◆ EXERCISE INSTRUCTIONS
Only the lines in the entries below from the line with "(after Platnick 2002): Males" to the line with "Pendientes aros en", both included, belong in the answer, transcribed exactly and without pictures.

◆ MATERIAL PROVIDED
::::

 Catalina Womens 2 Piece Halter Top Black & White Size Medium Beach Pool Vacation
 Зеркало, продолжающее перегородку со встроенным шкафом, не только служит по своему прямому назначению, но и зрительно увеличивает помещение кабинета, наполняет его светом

::::

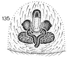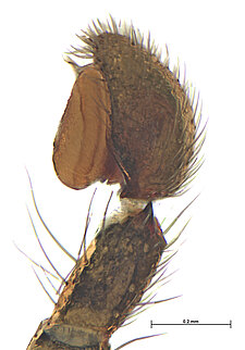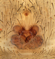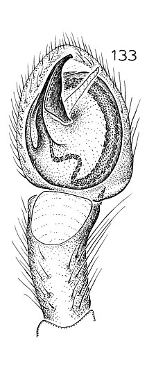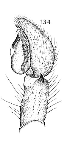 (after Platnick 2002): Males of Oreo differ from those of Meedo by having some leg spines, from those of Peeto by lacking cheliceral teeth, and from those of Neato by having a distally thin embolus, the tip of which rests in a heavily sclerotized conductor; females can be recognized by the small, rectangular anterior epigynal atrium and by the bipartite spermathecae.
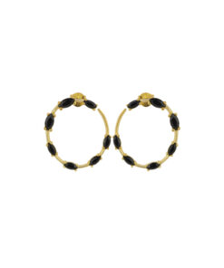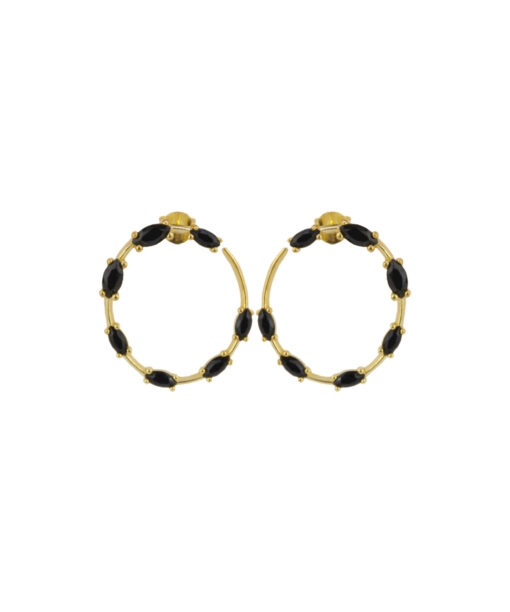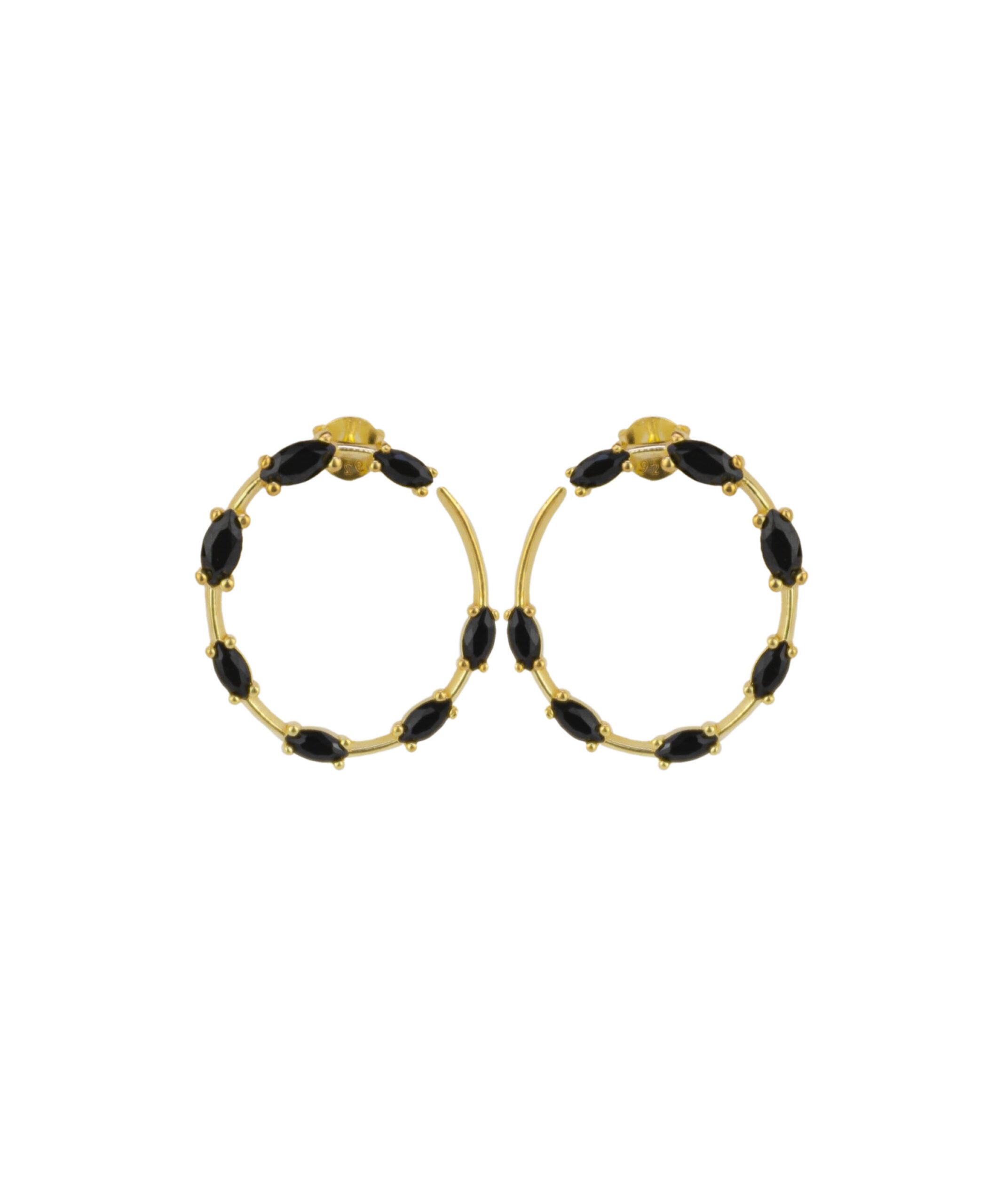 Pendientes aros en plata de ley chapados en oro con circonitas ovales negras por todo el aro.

::::

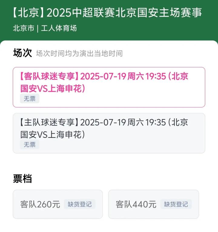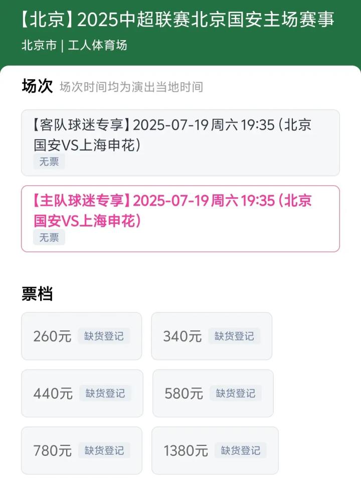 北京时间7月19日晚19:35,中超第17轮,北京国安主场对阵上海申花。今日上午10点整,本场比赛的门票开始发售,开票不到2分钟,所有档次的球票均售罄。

::::

◆ RESPONSE TO THIS TASK
 (after Platnick 2002): Males of Oreo differ from those of Meedo by having some leg spines, from those of Peeto by lacking cheliceral teeth, and from those of Neato by having a distally thin embolus, the tip of which rests in a heavily sclerotized conductor; females can be recognized by the small, rectangular anterior epigynal atrium and by the bipartite spermathecae.
 Pendientes aros en plata de ley chapados en oro con circonitas ovales negras por todo el aro.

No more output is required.